Where’s The Fish?
Sudeep Chakravarti’s The Bengalis is a rich feast. Chakravarti passes a difficult test with flying colours.
I was deeply disappointed with this book. I was hoping to point out all the things the author had missed, accompanied by some humorous remarks, but he seems to have covered everything. I had to change my plans.

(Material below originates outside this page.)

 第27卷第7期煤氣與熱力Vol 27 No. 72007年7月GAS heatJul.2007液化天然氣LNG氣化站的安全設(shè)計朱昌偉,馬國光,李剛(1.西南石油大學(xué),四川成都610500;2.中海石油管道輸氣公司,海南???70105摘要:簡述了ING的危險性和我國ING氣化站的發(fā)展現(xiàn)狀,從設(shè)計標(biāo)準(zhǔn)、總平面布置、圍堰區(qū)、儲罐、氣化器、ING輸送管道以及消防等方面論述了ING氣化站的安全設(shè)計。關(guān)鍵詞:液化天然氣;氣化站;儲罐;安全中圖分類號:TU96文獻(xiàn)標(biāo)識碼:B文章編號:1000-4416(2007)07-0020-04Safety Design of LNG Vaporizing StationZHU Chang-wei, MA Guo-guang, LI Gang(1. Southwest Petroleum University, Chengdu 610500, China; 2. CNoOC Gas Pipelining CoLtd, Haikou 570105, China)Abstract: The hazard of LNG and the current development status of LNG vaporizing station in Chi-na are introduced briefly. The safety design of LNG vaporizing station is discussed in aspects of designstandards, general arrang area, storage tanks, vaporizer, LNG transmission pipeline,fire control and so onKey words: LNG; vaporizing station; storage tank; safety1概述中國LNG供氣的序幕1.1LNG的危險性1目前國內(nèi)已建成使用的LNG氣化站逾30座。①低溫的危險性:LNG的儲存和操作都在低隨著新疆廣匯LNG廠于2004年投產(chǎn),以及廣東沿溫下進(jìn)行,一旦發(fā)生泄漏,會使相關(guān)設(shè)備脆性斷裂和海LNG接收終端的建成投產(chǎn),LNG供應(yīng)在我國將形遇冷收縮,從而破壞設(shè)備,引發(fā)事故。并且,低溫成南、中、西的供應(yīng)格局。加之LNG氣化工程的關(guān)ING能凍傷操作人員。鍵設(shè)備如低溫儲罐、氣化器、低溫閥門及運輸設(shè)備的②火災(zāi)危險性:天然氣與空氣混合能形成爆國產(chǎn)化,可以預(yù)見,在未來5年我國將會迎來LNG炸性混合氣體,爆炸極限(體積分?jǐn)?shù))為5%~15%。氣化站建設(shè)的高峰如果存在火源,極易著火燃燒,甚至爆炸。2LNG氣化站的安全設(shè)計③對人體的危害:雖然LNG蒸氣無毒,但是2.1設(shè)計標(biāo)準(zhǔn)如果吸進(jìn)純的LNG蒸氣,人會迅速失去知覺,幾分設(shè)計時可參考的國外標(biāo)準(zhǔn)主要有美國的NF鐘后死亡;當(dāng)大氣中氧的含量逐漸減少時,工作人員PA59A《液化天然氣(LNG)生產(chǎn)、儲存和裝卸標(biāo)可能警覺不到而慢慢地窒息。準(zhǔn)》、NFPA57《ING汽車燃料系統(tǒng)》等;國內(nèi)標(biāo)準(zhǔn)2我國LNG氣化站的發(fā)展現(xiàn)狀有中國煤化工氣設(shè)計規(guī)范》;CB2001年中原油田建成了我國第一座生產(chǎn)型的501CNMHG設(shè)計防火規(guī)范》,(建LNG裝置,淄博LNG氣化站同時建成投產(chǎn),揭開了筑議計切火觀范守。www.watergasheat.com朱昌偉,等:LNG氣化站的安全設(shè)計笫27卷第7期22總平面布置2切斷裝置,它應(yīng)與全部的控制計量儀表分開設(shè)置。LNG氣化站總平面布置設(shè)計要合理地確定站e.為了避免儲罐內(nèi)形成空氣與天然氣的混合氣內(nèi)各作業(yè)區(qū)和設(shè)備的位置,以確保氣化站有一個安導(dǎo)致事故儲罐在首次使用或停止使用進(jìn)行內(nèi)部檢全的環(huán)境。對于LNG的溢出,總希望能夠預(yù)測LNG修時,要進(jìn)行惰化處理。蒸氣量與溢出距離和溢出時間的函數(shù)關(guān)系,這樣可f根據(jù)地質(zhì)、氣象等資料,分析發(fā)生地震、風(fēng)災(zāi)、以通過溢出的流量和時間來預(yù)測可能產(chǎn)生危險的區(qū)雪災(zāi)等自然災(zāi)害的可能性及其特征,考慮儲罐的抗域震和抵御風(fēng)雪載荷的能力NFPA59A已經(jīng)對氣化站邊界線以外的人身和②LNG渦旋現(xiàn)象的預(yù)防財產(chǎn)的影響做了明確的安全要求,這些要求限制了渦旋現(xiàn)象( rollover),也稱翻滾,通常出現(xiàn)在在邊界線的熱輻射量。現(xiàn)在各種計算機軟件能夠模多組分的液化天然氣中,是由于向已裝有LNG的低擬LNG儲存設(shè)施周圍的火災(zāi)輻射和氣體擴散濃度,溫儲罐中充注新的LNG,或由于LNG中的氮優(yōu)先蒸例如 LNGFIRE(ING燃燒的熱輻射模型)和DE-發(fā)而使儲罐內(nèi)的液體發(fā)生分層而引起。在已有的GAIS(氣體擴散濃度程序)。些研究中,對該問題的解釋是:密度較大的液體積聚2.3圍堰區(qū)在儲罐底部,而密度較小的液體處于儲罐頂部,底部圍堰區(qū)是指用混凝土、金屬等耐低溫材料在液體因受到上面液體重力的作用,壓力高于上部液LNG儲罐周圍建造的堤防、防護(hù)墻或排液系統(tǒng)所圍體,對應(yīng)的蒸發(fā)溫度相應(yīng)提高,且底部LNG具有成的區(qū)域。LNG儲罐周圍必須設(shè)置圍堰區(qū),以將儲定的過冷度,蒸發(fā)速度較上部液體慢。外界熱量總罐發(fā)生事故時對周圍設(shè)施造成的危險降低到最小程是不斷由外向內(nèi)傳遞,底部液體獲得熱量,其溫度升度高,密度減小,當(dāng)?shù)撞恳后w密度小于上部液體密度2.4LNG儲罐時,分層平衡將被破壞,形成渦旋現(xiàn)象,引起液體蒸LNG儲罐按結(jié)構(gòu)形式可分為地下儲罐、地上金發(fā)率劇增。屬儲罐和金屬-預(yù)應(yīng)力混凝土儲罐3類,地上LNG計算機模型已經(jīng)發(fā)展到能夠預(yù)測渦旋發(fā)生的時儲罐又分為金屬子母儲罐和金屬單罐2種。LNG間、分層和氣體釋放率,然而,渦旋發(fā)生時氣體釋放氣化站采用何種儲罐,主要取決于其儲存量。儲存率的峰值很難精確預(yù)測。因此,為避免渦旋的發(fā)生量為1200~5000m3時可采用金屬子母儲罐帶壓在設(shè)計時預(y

It was always an exercise fraught with peril. Everyone seems very sensitive these days, but Bengalis always have been. When injustice was done to Sourav Ganguly, we did not keep quiet. Insults to our history and culture are never taken lightly, and Sudeep Chakravarti has now taken his life into his hands and written a book on all of it. He does a good job, as you would expect him to. He is a highly regarded journalist, and the author of several books, including Red Sun, his magisterial account of the Naxalite movement. I used it as a reference while I was trying to write about the Naxals. It was deeply researched and cleanly written. He brings both those qualities to his new book.
The early part of the book traces the history of Bengal. I was astonished by how rich it used to be. Bengal was famous for fine fabrics. A single piece of muslin would sell at the price of 80,000 chickens. “I have seen no country in the world whose provisions are cheaper than this country,” said Ibn Batuta, in the 14th century. “The finest and most fruitful country in the world,” said Francois Bernier in 1665. It was no wonder that the British grabbed Bengal and refused to let go. In the blink of an eye, they transformed the guiding principle for the peasantry from Nawab Murshid Quli Khan’s “Let them grow rich and the state will grow rich”, to “Milk them dry and we will grow rich”, and a series of famines ensued, most notably in 1770 (10 million dead) and 1943 (two million).
They proved incredibly hard to get rid of, especially in Calcutta, where some of them might still be lurking in the Bengal Club, which they originally snatched from Kali Prasanna Sinha, author of the most famous Bengali version of the Mahabharata. Bengal has been pillaged by everybody, starting with Bhima in the Mahabharata, who looted Vanga. Vanga fought in the Great War on the losing side, beginning a tradition of difficult centre-state relations, which continues to this day.
The author traces the ebb and flow of religion in the state, from 500 years of Buddhism under the Pala dynasty to the swift spread of Islam, and the rise of Vaishnavism, inspired by Chaitanya Mahaprabhu. There are many little nuggets to enjoy, such as the fact that Lord Curzon was tortured by his nanny as a child, which explains almost everything else he did subsequently. He covers the evolution of Bengali speaking enclaves such as Cachar, Manipur and Tripura. He traces the development of the language, revealing, for example, that the word “boka”, which we all love, comes from the Arabic word “bewakoof”. He lovingly recreates the moment when Mohun Bagan won the IFA Shield for the first time, in 1911, defeating the East Yorkshire Regiment 2-1, to rousing cries of “Bondey Matorom!” Apparently, the Standard Cycle Company sold over 100,000 cycles by giving a free poster of that Mohun Bagan team with every cycle.
Chakravarti devotes a nice, long chapter to food, as is only to be expected, although he never reveals what wine should be served with chhechki or chochchori. This book is best read as a series of long essays, on subjects such as language, the Bengal Renaissance, modern Bangladesh, the revolutionary era and the diaspora. I had to read it together for the review, and my head is spinning, filled with so many things, like the fact that the Sen dynasty, which ruled Bengal briefly, originally came from Karnataka, and the fact that throughout his book, The City Of Joy, Dominique Lapierre referred to the Eden Gardens as the Garden Of Eden.
It’s a rich feast. Chakravarti has done well. As we say in Bengal, the boy has parts. If I had to quibble, I would complain about fish. Not enough attention has been paid to them. The way in which our souls and fish are intertwined is integral to who we are, and it is not evoked adequately. But otherwise, Chakravarti passes a difficult test with flying colours. So if you’re a Bengali, married to a Bengali, trying to get married to a Bengali, or simply in love with how awesome we are, you should read this book.